= What you need to do =
Each line of the data must reappear exactly in your answer, with no images included.

= Available data =
============
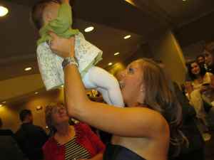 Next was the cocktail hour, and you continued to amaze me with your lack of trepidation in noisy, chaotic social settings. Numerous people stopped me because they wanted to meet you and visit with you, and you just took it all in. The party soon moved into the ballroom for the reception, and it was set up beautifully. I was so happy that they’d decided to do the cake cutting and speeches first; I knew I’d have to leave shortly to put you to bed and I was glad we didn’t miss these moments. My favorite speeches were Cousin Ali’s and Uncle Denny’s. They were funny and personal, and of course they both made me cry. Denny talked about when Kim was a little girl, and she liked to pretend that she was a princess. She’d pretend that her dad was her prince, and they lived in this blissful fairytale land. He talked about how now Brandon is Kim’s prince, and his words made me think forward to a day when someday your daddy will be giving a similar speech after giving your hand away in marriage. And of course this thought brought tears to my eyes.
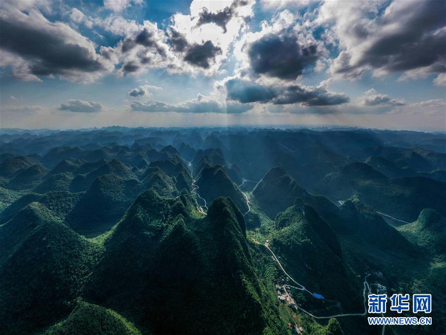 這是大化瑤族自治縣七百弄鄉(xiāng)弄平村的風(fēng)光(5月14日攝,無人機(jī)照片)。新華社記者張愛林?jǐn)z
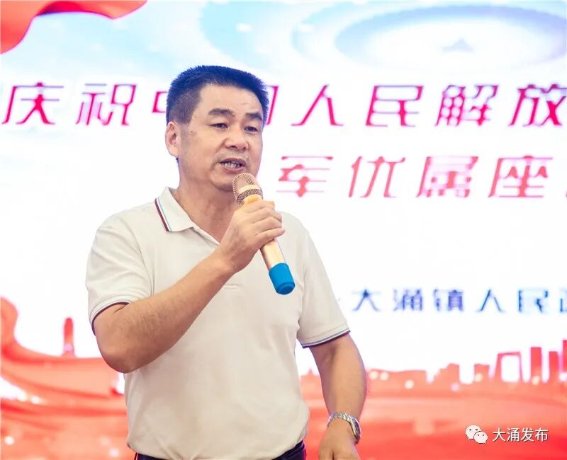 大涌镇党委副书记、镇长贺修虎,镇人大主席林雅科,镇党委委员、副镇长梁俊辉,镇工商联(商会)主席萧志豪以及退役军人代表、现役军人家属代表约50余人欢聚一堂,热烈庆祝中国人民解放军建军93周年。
============
= Task solution =
 Next was the cocktail hour, and you continued to amaze me with your lack of trepidation in noisy, chaotic social settings. Numerous people stopped me because they wanted to meet you and visit with you, and you just took it all in. The party soon moved into the ballroom for the reception, and it was set up beautifully. I was so happy that they’d decided to do the cake cutting and speeches first; I knew I’d have to leave shortly to put you to bed and I was glad we didn’t miss these moments. My favorite speeches were Cousin Ali’s and Uncle Denny’s. They were funny and personal, and of course they both made me cry. Denny talked about when Kim was a little girl, and she liked to pretend that she was a princess. She’d pretend that her dad was her prince, and they lived in this blissful fairytale land. He talked about how now Brandon is Kim’s prince, and his words made me think forward to a day when someday your daddy will be giving a similar speech after giving your hand away in marriage. And of course this thought brought tears to my eyes.
 這是大化瑤族自治縣七百弄鄉(xiāng)弄平村的風(fēng)光(5月14日攝,無人機(jī)照片)。新華社記者張愛林?jǐn)z
 大涌镇党委副书记、镇长贺修虎,镇人大主席林雅科,镇党委委员、副镇长梁俊辉,镇工商联(商会)主席萧志豪以及退役军人代表、现役军人家属代表约50余人欢聚一堂,热烈庆祝中国人民解放军建军93周年。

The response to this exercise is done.